終わったをクリックすると、リマインダーの一覧から消えます。ついでにリマインダーを設定した相手に「タスク完了したよ!」と通知してあげます

image.png

使い方はこんな感じです。

時間を細かく指定できる

every 3 hours や every 2 days など指定することで、お尻を叩く周期を選べます。

image.png

最短で1時間毎に相手をペンペンできます。

何人でも指定できる

1つのリマインダーに複数人を指定する事も可能です。

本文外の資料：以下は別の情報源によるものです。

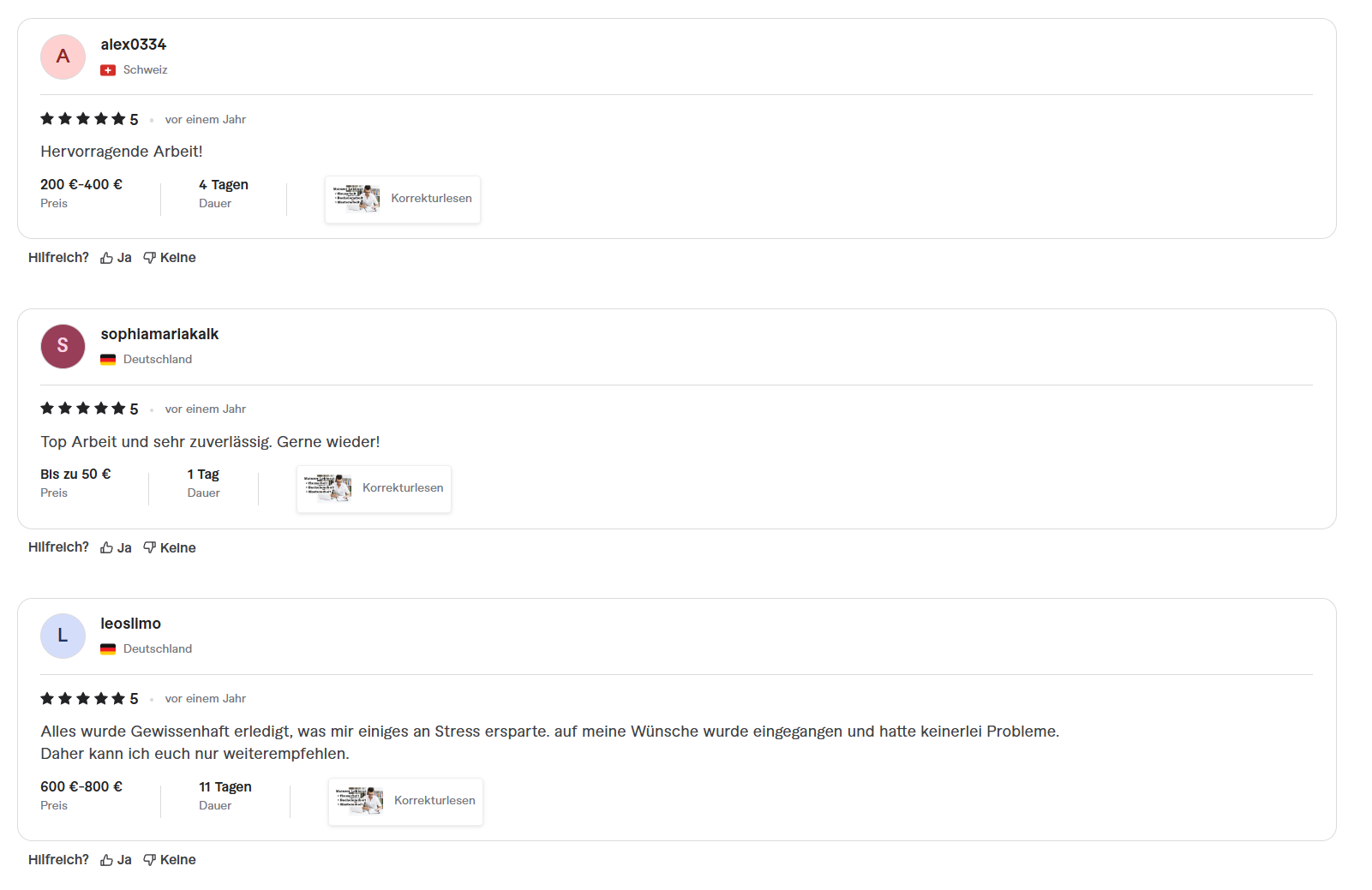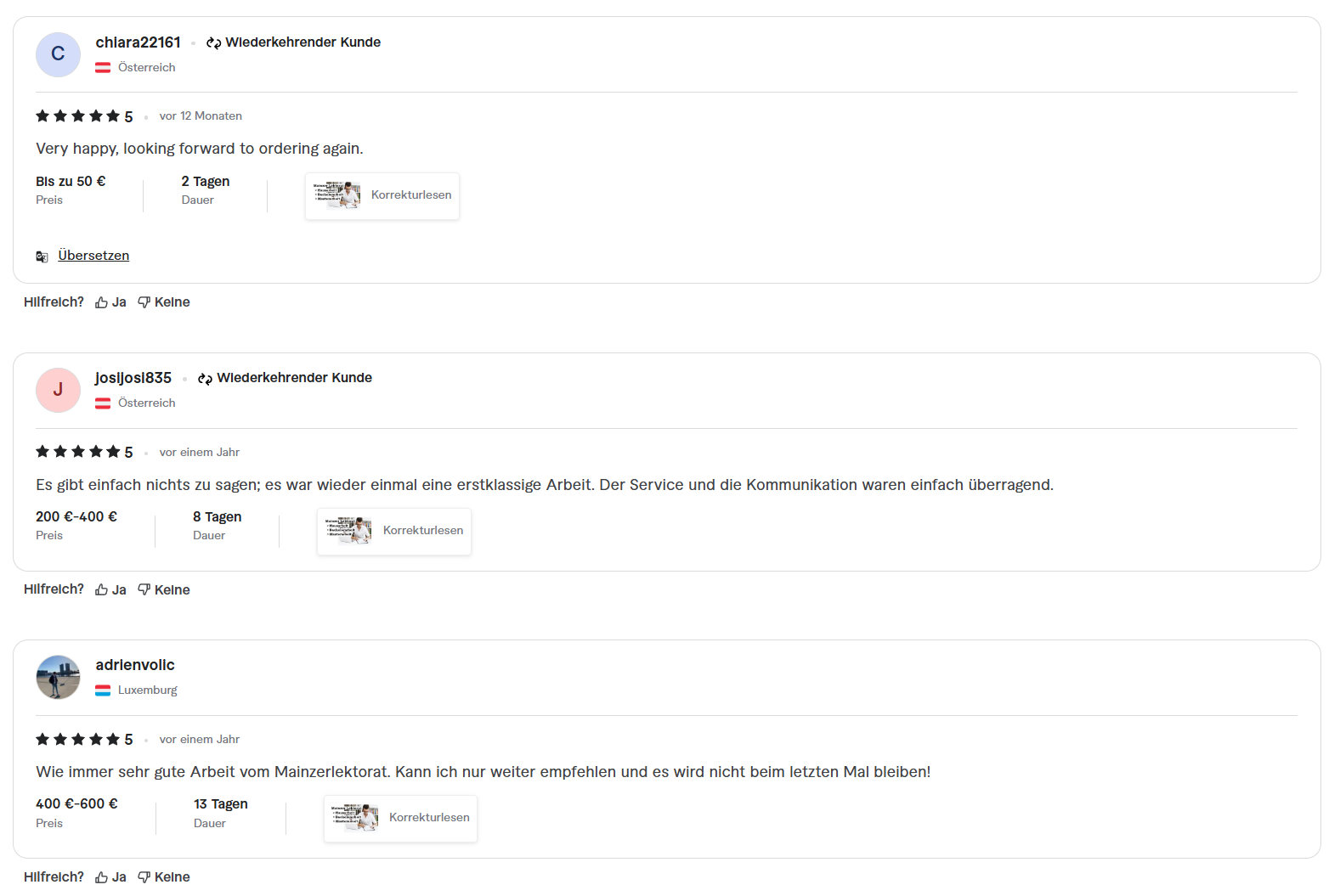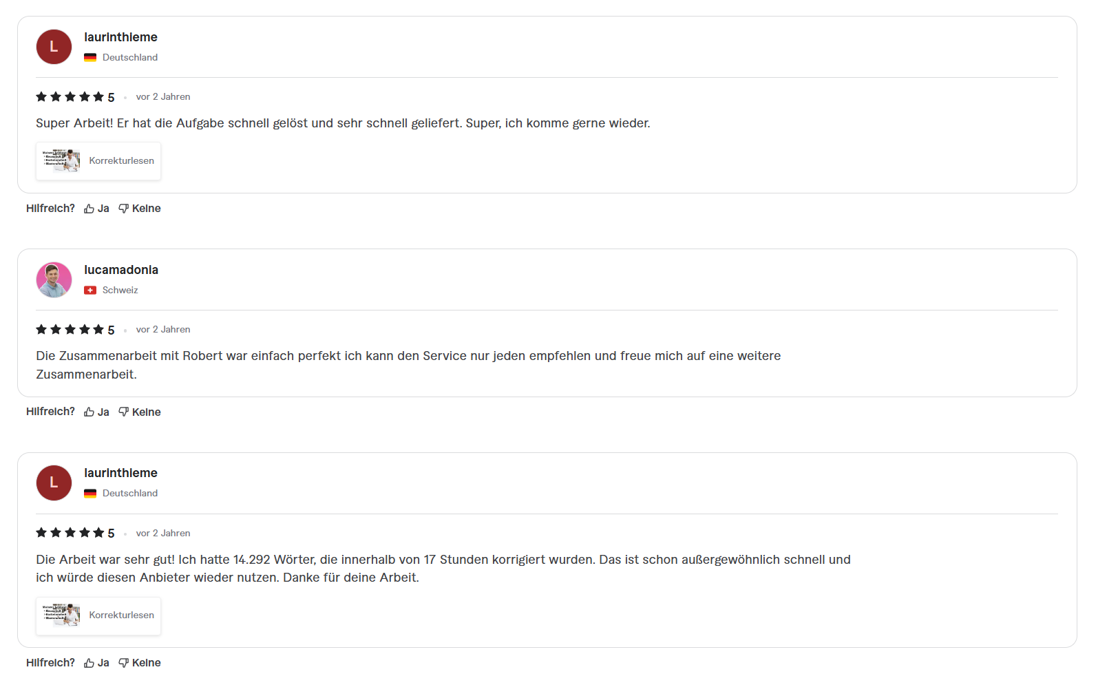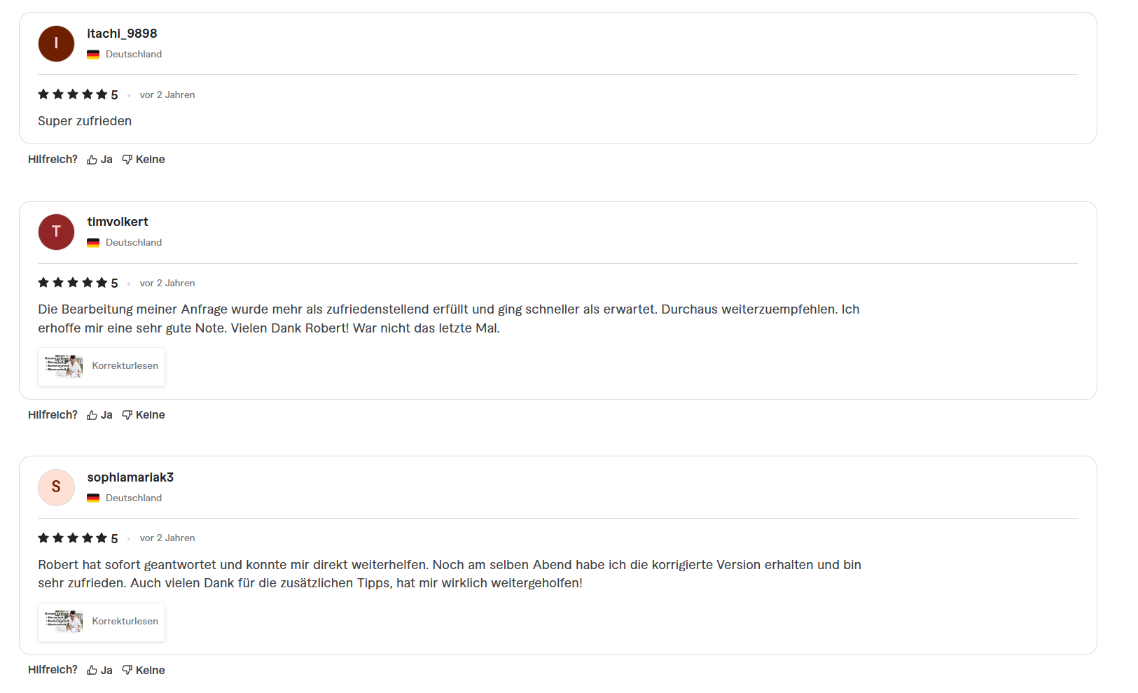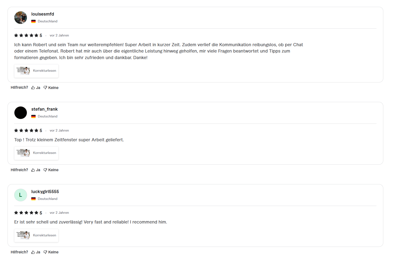 hat den Anspruch, perfekt zu sein. Im Schnitt erreichten die Bachelor-/Master- und Diplomarbeiten, welche von unseren Lektoren überarbeitet wurden, in den Jahren 2021 bis 2024 nach Rückmeldung ein Ergebnis von 1,7 Notenpunkten.

一応、英語対応もしているため、slackの言語設定が日本語以外であれば、英語でお尻を叩いてくれます。

作ろうと思った背景

ケース1:自分の指示が忘れられる

エンジニア「あの、デザイナーさん、この画面のデザイン確認をお願いします」
デザイナー「はい分かりました」
エンジニア「頼んだやで」

(3時間後)

エンジニア「あのぅ・・・例のデザイン確認・・・」
デザイナー「あっ忘れてました。すぐやります」
エンジニア「頼んだやで」

(1時間後)

エンジニア「あの・・・・・」
デザイナー「あっ」

ケース2:相手からの指示を忘れる

エンジニア「うーん、ちょっと持ち帰らせてください」
企画「分かりました。じゃあ明日、結果を教えてください」
エンジニア「はいやで」

(明日)

企画「例の件どうなりました?」
エンジニア「あっ」

ケース3:自分から自分への指示を忘れる

エンジニア「あーしまった、ここのログ調査しなきゃいけないんだったー。trelloとか記載するの面倒だし、slackのreminderか、スマホのリマインダーでも設定しておこ」

(明日)

reminder「ログ調査やで」
エンジニア「今飯だから後でやるわ」

(3日後)

エンジニア「あっ」

.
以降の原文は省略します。